Neo-Glykoproteine

  Neo-Glykoprotein L. & F. Biomaterialien

Zur multivalenten Präsentation von Glykanen werden gewöhnliche, nicht-glykosylierte Serumproteine (z.B. bovines Serumalbumin, BSA) als Plattform benutzt. In einem 2-stufigen Prozess werden die funktionellen Gruppen der Aminosäurenseitenketten (zum Beispiel NH2-) gezielt mit zuvor synthetisierten Glykanen kovalent verbunden. Die Konjugation erfolgt unter milden Bedingungen, d.h. in wässrigem Milieu und bei Raumtemperatur, ohne die Protein- oder Glykanstruktur zu beeinträchtigen. Die Analyse der künstlich glykosylierten Proteine, sog. Neo-Glykoproteine, erfolgt durch einen eigens entwickelten biochemischen Assay (TNBS Assay) oder durch Gelelektrophorese (S. Böcker et al. (2015)).
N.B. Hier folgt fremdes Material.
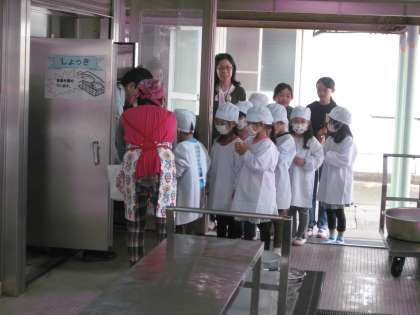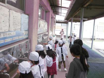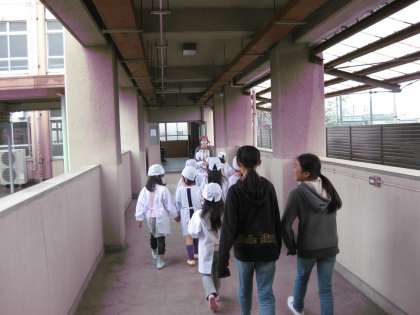 さていよいよ、給食室にとりに行きます。全てが初めてのことですが、6年生がついてきてくれるので安心です。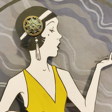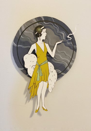 And lastly, my 20's flapper doll, and my oh my, was she an effort! I had planned to do an art nouveau doll but her hair turned out to be offensively difficult to cut out, and I was already cutting it close with finals week on the horizon (pun intended)! So I changed my aim and went with this lovely lady instead. I used a simple palette which was common for the time and gave her a vintage button for her hairpiece which spins.

Die Art und Anzahl der konjugierten Glykaneinheiten pro Proteinmolekül (Modifikationsdichte) sind steuerbar, wodurch die Interaktionsstärke für bestimmte Lektine eingestellt werden kann. Neo-Glykoproteine werden von Galektinen und bakterielle Toxinen erkannt, während die Bindungsstärke gegenüber monovalenten Liganden durch Multivalenzeffekte um ein Vielfaches höher liegt.